時計の針はもうすぐ、9時40分を指そうとしている。チャイムが鳴る。もうすぐ。あと30秒。ひなのヘッドホンから、音が漏れている。ふあ、と欠伸が漏れた。 その時、秒針に10秒ほど遅れて、校舎にチャイムが響いた。と同時に、教室の扉が開く。格闘技家みたいな体格の教官が、のっそのっそと巨体を揺らし、教壇に上がる。 さあ楽しいお勉強の時間だ。
「おはよう」
いつものように、無愛想に教官が口だけを動かす。
「今日はこのクラスにだけ、上から特別に指導があった。通常の予定を変更して、能力測定をする」
「えー、じゃあ移動すんのー?」
「私語は慎め飛鳥。殺すぞ」
いやーん怖ーい。もう、すぐ凄むんだからー。 鋭い目にぎろりと睨まれて、へえい、と緩い返事を返す。

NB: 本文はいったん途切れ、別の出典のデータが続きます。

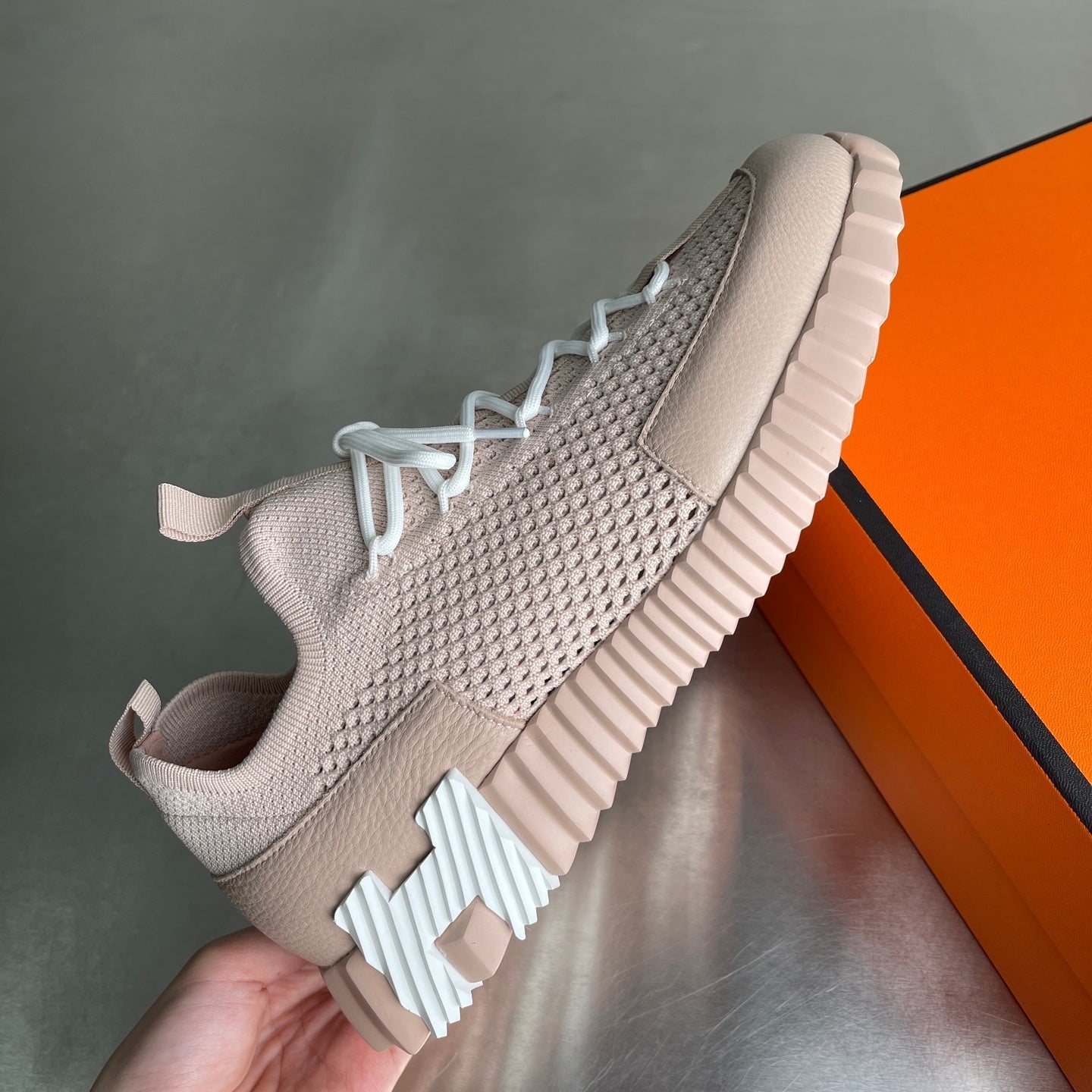 HM Men's 25 Lift Sneaker Beige Mesh Calfskin 703782

「それが終われば通常訓練に戻っていい。午後の禁足エリア巡回に遅れるなよ」
捨て台詞にそれだけ言って、教官は教室を出て行った。
「めんどくさー」
「測定はまだ先の筈だが……なんだろうな」
最初に立ち上がったいっちゃんは、なんだか難しい顔をしていた。仕方なくおれも立ち上がる。
「なんだろーって、だから測定でしょ」
「いやそれは恐らく便宜上の……」
いっちゃんは言い掛けて、ちらりと教室の後ろを見ると、中途半端なまま黙って歩き始めてしまった。それを追うように椅子を引く音が響く。 便宜上? ってじゃあほんとは測定じゃないってこと? 首を捻るおれを余所に、虎が窓際を歩いて、おれの横を過ぎて行く。ガラリ、音に反応して振り返れば、後ろのドアからひなが出て行くところだった。あ、そうだ。ついでのようにあの子を見る。凄く困った顔をして、キョロキョロと忙しなく皆を目で追っていた。ぱちり、目が合う。にっこり、笑って返す。相手は瞬きながら考えるようにして、一旦視線をうろつかせ、やがてそろりとおれを見上げた。
「あ、あの、何処に、何処か行くんですか?」
ああそっか、そういうのもわかんないのか。
「そーだよー。研究部。あそこにはなんだかんだで、結構出入りするんだー」
「そう、なんですか」
躊躇うような素振りを見せてから、あの子がゆっくり、立ち上がる。そして不意に首を傾げた。不思議に思って視線を追う。おれの隣。机に伏した千尋が居た。いつの間に寝たこの子は。もー……、ため息を吐いて、肩を揺する。
「千尋、起きて、移動だってー。おーい、千尋ー、ちーいー、ちいちゃーんいって!」
足踏まれた! なんで!?
「気色悪い」
「何が!」
むすぅ、と顔を顰めた千尋が顔を上げる。ついでに今朝せっかく直してあげた寝癖がひとつ、ぴよん、と跳ねた。